Proof: I tried it like this:

Suppose on the contrary that $\left|\Aut G\right|\le1$. It follows that $\left|\Aut G\right|=1$ as identity permutation $i:G\to G$ defined as $i(x)=x$ , always belongs to $\Aut G$.

I know the result that: $G/Z(G)\sim I(G)$, where $I(G)$ is the set of all inner automorphisms of $G$; and that $I(G)\le \Aut G$. It follows that $G=Z(G)\implies G$ is abelian.

It can be shown here that $T:G\to G$ defined by $T(x)=x^{-1}$ is an automorphism. But as per the assumption, it should follow that $T(x)=x$ for all $x\in G$, that is, $x=x^{-1}$ for all $x\in G\implies$ every non-identity element of $G$ is of order $2.\implies G$ is of even order.

Above shows that if $G$ (finite and of order greater than $2$) is a non-abelian group or a group of odd order, then the theorem is proved by contradiction.

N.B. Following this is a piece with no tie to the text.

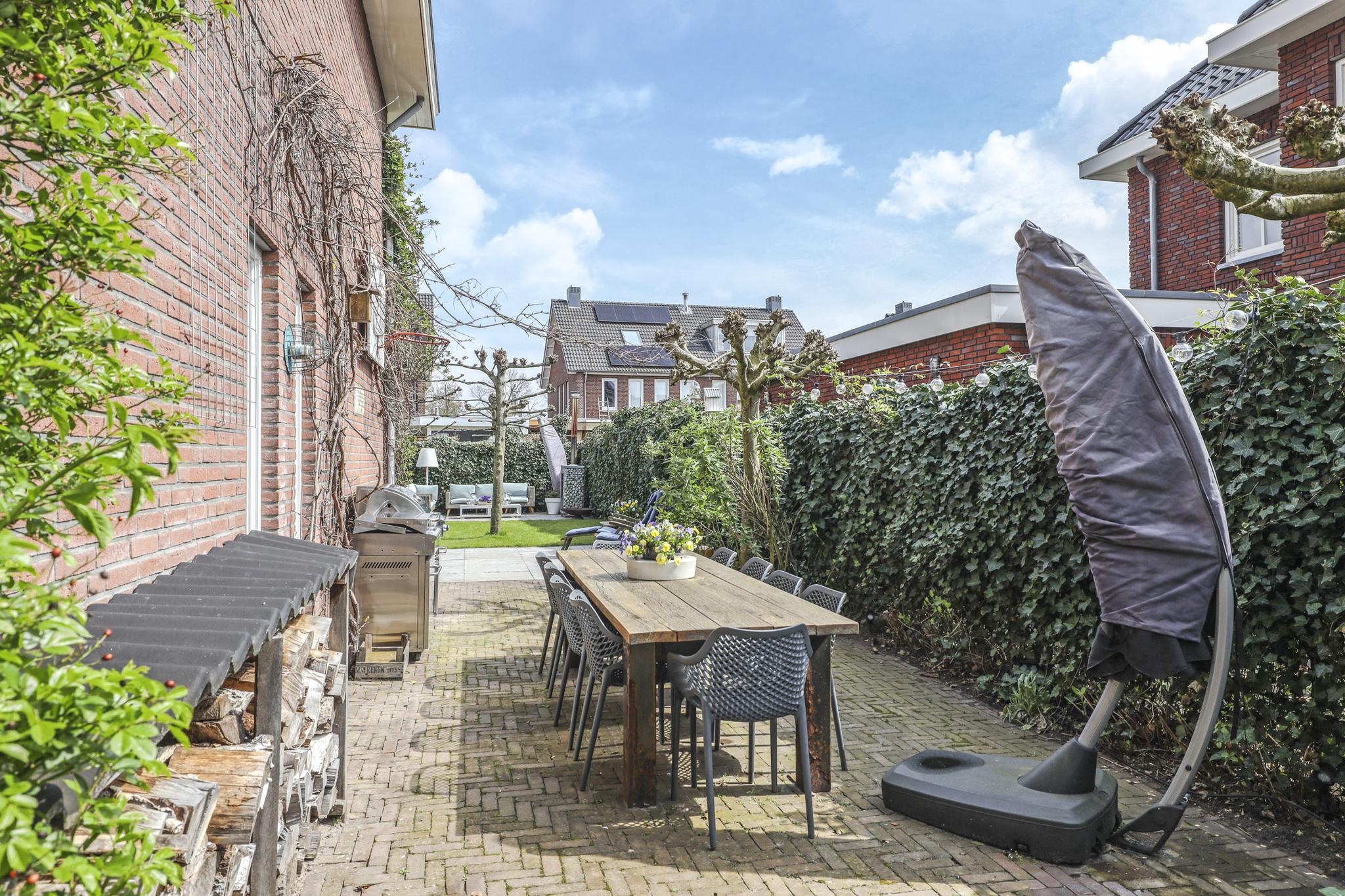 Zoals al eerder gezegd, staat de woning gunstig op het perceel waardoor er rondom de woning veel ruimte te vinden is. Dit wordt al meteen duidelijk op de oprit waar je met gemak 2 auto’s naast elkaar kunt parkeren. Er is zelfs plek voor 3 auto’s op eigen terrein. Het perceel wordt omsloten middels groene hagen. Door de jaren heen is deze tuin ‘gesetteld’ en gevormd waardoor er nu mooie, volwassen (fruit)bomen te vinden zijn. Aan beide zijden van de woning is een afgesloten achterom waardoor je niet zomaar de achtertuin inloopt.

So all it remains is to prove the result when $G$ is abelian and every non-identity element is of order $2$.

$G=\{1,a_1,a_2,\dots,a_{2k-1}\}$, where $k\ge 2$ and $2k=n$. I tried to create a non-trivial automorphism as follows:

Let $T:G\to G$ be defined as $T(x)=\begin{cases} x \text{ if $x\notin \{a_1,a_2\}$}\\a_2 \text{ if $x=a_1$}\\a_1 \text{ if $x=a_2$}\end{cases}$

$T$ is clearly a bijection. I tried to prove it homomorphism but got stuck and I feel that it's not a homomorphism (as it's not yet clear where $xy$ will be mapped by $T$ when $x$ and $y$ both are neither $a_1$ nor $a_2$). How can I create a not trivial automorphism of $G$? Any suggestions are welcome. Thanks.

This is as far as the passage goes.